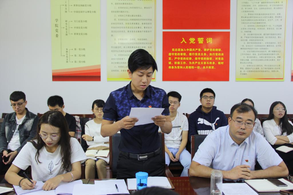 9月18日上午,香港赛马会投注站 本科生党支部2018年党员转正大会在文史楼二楼会议室举行,会议由本科生党支部书记王建阳主持。 会议严格按照党员转正流程进行,经过无记名投票的方式,一致同意王玖、付盛阳、时红凯、卢立志、贺于真五名预备党员转为正式党员。王建阳对转正的党员们表示祝贺,并希望大家不忘初心,牢记党员身份,发挥党员先锋模范带头作用。 五位新晋正式党员表示:今后会牢记初心,不忘使命,以良好的精神状态,投入到学习工作中去。
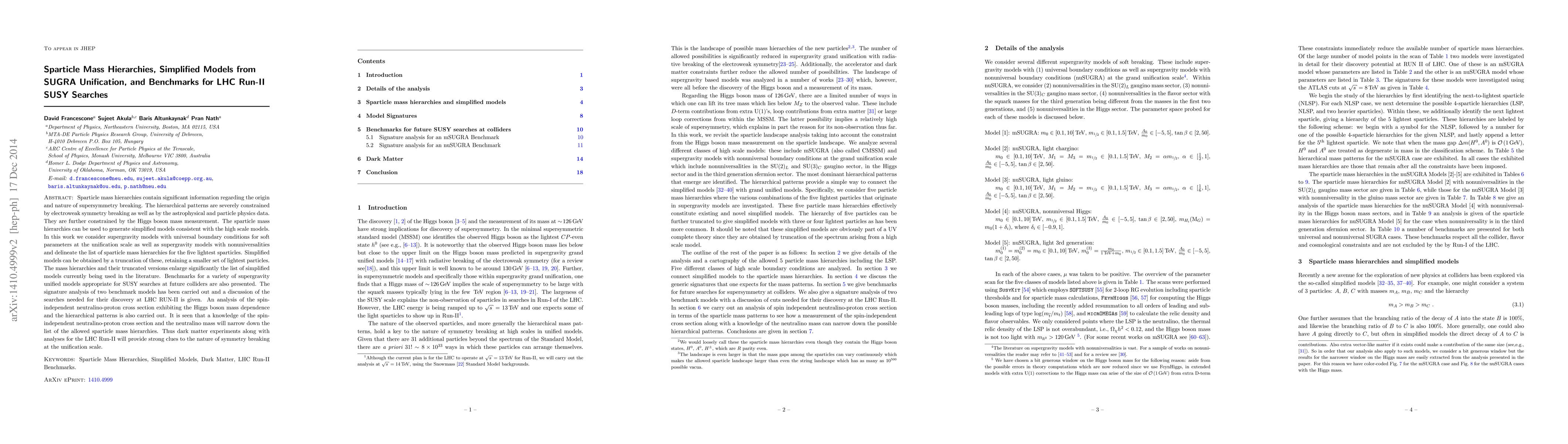 Sparticle mass hierarchies contain significant information regarding the origin and nature of supersymmetry breaking. The hierarchical patterns are severely constrained by electroweak symmetry breaking as well as by the astrophysical and particle physics data. They are further constrained by the Higgs boson mass measurement. The sparticle mass hierarchies can be used to generate simplified models consistent with the high scale models. In this work we consider supergravity models with universal boundary conditions for soft parameters at the unification scale as well as supergravity models with nonuniversalities and delineate the list of sparticle mass hierarchies for the five lightest sparticles. Simplified models can be obtained by a truncation of these, retaining a smaller set of lightest particles. The mass hierarchies and their truncated versions enlarge significantly the list of simplified models currently being used in the literature. Benchmarks for a variety of supergravity unified models appropriate for SUSY searches at future colliders are also presented. The signature analysis of two benchmark models has been carried out and a discussion of the searches needed for their discovery at LHC RUN-II is given. An analysis of the spin independent neutralino-proton cross section exhibiting the Higgs boson mass dependence and the hierarchical patterns is also carried out. It is seen that a knowledge of the spin independent neutralino-proton cross section and the neutralino mass will narrow down the list of the allowed sparticle mass hierarchies. Thus dark matter experiments along with analyses for the LHC Run-II will provide strong clues to the nature of symmetry breaking at the unification scale.
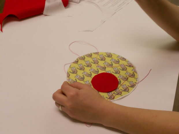 Corte un pequeño pedazo de fieltro (3-4 pulgadas) para la parte inferior. Puede utilizar un vaso como la plantilla para ello.
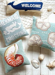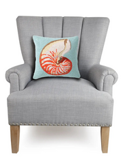 Add a splash of ocean-inspired elegance to your home with this 16" square pillow, featuring a stunning nautilus design.
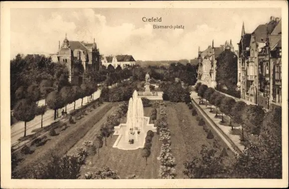 Ak Krefeld am Niederrhein, Bismarckplatz, Denkmal, Fontaine
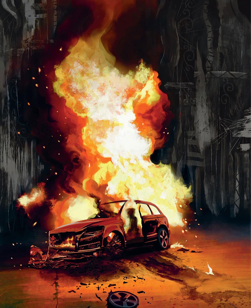 Рама дрогнула. Задребезжало стекло. Вместо «ауди» на тротуаре надулся и лопнул пузырь из огня и дыма.

* [How to complete this task]: Leaving the pictures aside, transcribe the entire listing exactly.

* [Answer box]:
 9月18日上午,香港赛马会投注站 本科生党支部2018年党员转正大会在文史楼二楼会议室举行,会议由本科生党支部书记王建阳主持。 会议严格按照党员转正流程进行,经过无记名投票的方式,一致同意王玖、付盛阳、时红凯、卢立志、贺于真五名预备党员转为正式党员。王建阳对转正的党员们表示祝贺,并希望大家不忘初心,牢记党员身份,发挥党员先锋模范带头作用。 五位新晋正式党员表示:今后会牢记初心,不忘使命,以良好的精神状态,投入到学习工作中去。
 Sparticle mass hierarchies contain significant information regarding the origin and nature of supersymmetry breaking. The hierarchical patterns are severely constrained by electroweak symmetry breaking as well as by the astrophysical and particle physics data. They are further constrained by the Higgs boson mass measurement. The sparticle mass hierarchies can be used to generate simplified models consistent with the high scale models. In this work we consider supergravity models with universal boundary conditions for soft parameters at the unification scale as well as supergravity models with nonuniversalities and delineate the list of sparticle mass hierarchies for the five lightest sparticles. Simplified models can be obtained by a truncation of these, retaining a smaller set of lightest particles. The mass hierarchies and their truncated versions enlarge significantly the list of simplified models currently being used in the literature. Benchmarks for a variety of supergravity unified models appropriate for SUSY searches at future colliders are also presented. The signature analysis of two benchmark models has been carried out and a discussion of the searches needed for their discovery at LHC RUN-II is given. An analysis of the spin independent neutralino-proton cross section exhibiting the Higgs boson mass dependence and the hierarchical patterns is also carried out. It is seen that a knowledge of the spin independent neutralino-proton cross section and the neutralino mass will narrow down the list of the allowed sparticle mass hierarchies. Thus dark matter experiments along with analyses for the LHC Run-II will provide strong clues to the nature of symmetry breaking at the unification scale.
 Corte un pequeño pedazo de fieltro (3-4 pulgadas) para la parte inferior. Puede utilizar un vaso como la plantilla para ello.
 Add a splash of ocean-inspired elegance to your home with this 16" square pillow, featuring a stunning nautilus design.
 Ak Krefeld am Niederrhein, Bismarckplatz, Denkmal, Fontaine
 Рама дрогнула. Задребезжало стекло. Вместо «ауди» на тротуаре надулся и лопнул пузырь из огня и дыма.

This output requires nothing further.